Consider the following example: 

In [5]:
def foo(number, multiplier=2):
    return number*multiplier

print(foo(2))
print(foo(2,7))
print(foo(3, multiplier=20))

4
14
60


* `multiplier=2` determines an optional argument. 
* The value given is used if there is no value in the call. 
* You may use positional or named calls (`multiplier=2`) in calling the function. 

### 3. Arguments that are sequences can be specified in many valid ways. 
Anything that is an `iterable` usually works.

Compare, e.g., 

In [6]:
pd.DataFrame([[1, 2, 3], [4, 5, 6]], columns=['x', 'y', 'z'])

Unnamed: 0,x,y,z
0,1,2,3
1,4,5,6


In [7]:
pd.DataFrame([[1, 2, 3], [4, 5, 6]], columns=('x', 'y', 'z'))

Unnamed: 0,x,y,z
0,1,2,3
1,4,5,6


or even (to be totally perverse about it): 

In [8]:
pd.DataFrame([[1, 2, 3], [4, 5, 6]], columns={'x': 42, 'y': 20, 'z': 10})

Unnamed: 0,x,y,z
0,1,2,3
1,4,5,6


# Why did that work? 
* The columns parameter takes any `iterable`. 
* Iterating over a dictionary returns its keys. 
* The fact that they have values is ignored. 
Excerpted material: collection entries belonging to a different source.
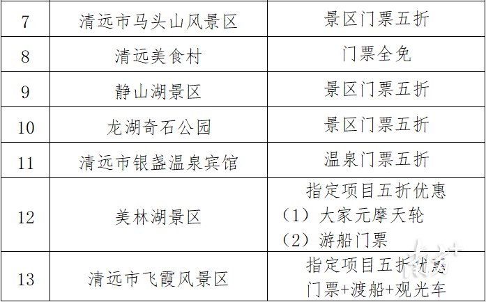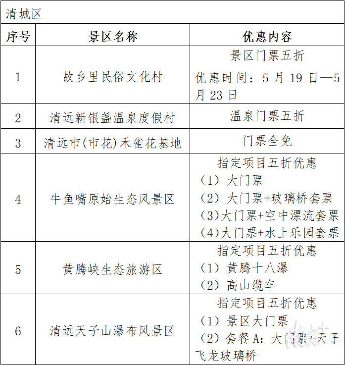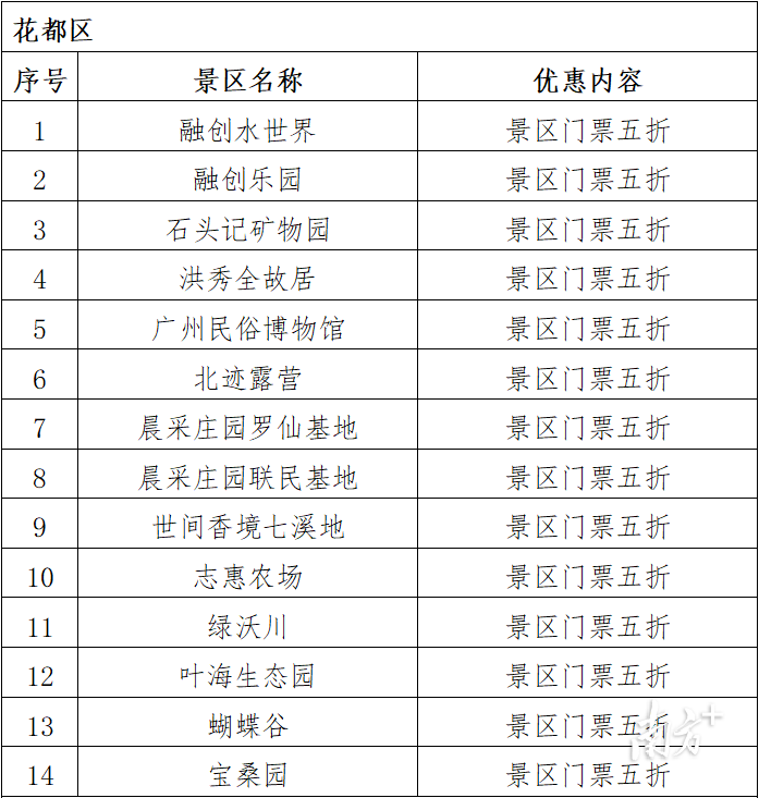 今年,花都区联合清远市清城区共同打造文化旅游欢乐周活动,为两地市民带来丰富的文旅活动和产品。花都、清城联合推出“花清联游”旅游惠民政策,即日起至5月31日,两地共27家景区推出门票和景区指定项目半价或免费优惠,两地市民只需凭身份证、市民卡、社保卡、居住证、驾驶证(五证选一),就可在景区的人工售票窗口购票时享受优惠政策。
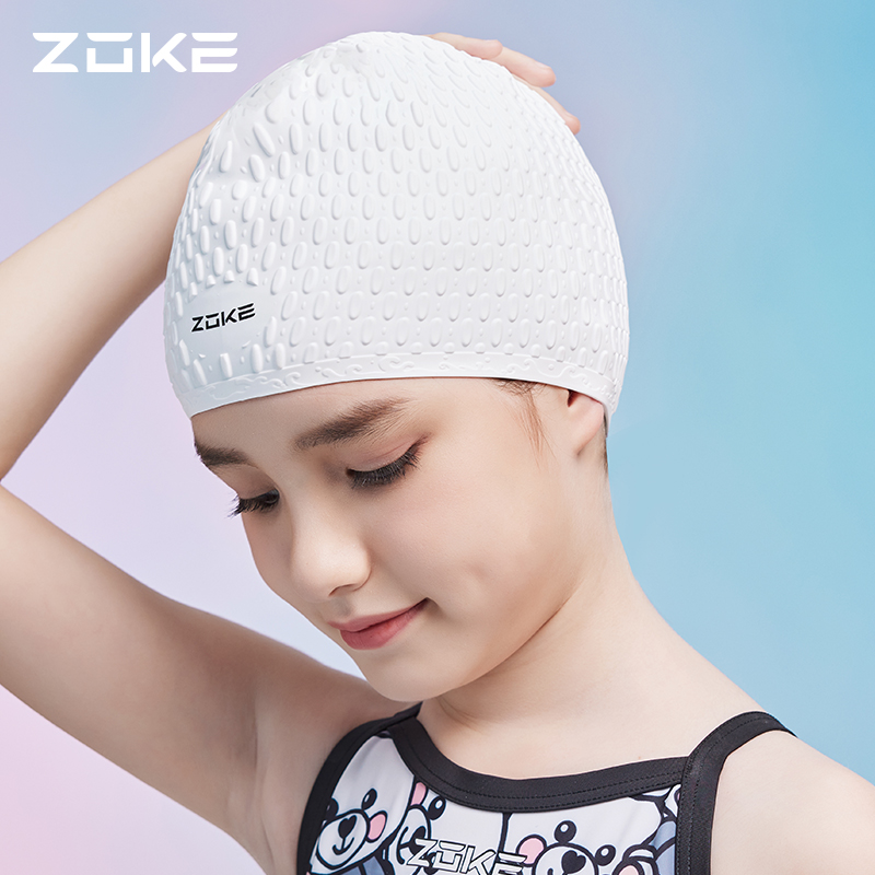 洲克儿童泳帽女童防水护耳长发防滑泡泡帽硅胶女孩水滴帽泳帽泳衣
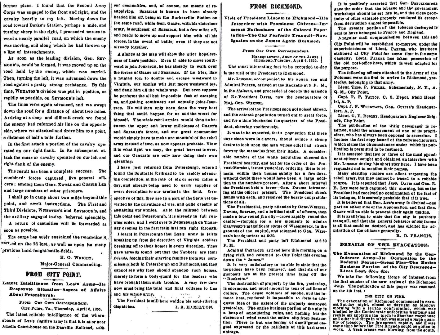 I attacked them with two divisions of the Sixth Army Corps, and routed them handsomely, making a connection with the cavalry. I am still pressing on with the cavalry and infantry. Up to the present time we have captured Gens. EWELL, KERSHAW, BUTTON, CORSE, DEBARE and CUSTIS LEE, several thousand prisoners fourteen pieces of artillery, with caissons, and a large number of wagons. If the thing is pressed I think LEE will surrender.

As an expansion of the general principle, consider: 

In [9]:
pd.DataFrame([[1, 2, 3], [4, 5, 6]], columns=range(20, 23))

Unnamed: 0,20,21,22
0,1,2,3
1,4,5,6


# Why did that work? 
* `range` returns an iterable. 
* That's all that's needed. 

# Let's make sure we can do some basic things.
It's often important to convert between the basic types `array`, `DataFrame`, and `Series` to get things done. Here are some examples.

In [2]:
# Don't change this cell; just run it. 
from client.api.notebook import Notebook
ok = Notebook('03-07-py-np-pd-wrapup.ok')
#ok.auth(inline=True)

Assignment: Applying python
OK, version v1.14.15



1. Consider the `DataFrame`:

In [11]:
df = pd.DataFrame({'name': ['xavier', 'mark', 'ben'],
                   'species': ['cat', 'dog', 'dog'],
                   'fleas': [20, 100, 30],
                   'ticks': [2, 4, 2]})
df

Unnamed: 0,name,species,fleas,ticks
0,xavier,cat,20,2
1,mark,dog,100,4
2,ben,dog,30,2


1. Create a `numpy` `ndarray` `nf` from `df` that contains only the numeric columns of `df`.  While the specific value of our `df` is simple, your recipe should work even if `df` has thousands of rows. 

In [12]:
# Your answer:
nf = np.array(df.loc[:,'fleas':'ticks'])
nf

array([[ 20,   2],
       [100,   4],
       [ 30,   2]], dtype=int64)

In [13]:
_ = ok.grade('q01')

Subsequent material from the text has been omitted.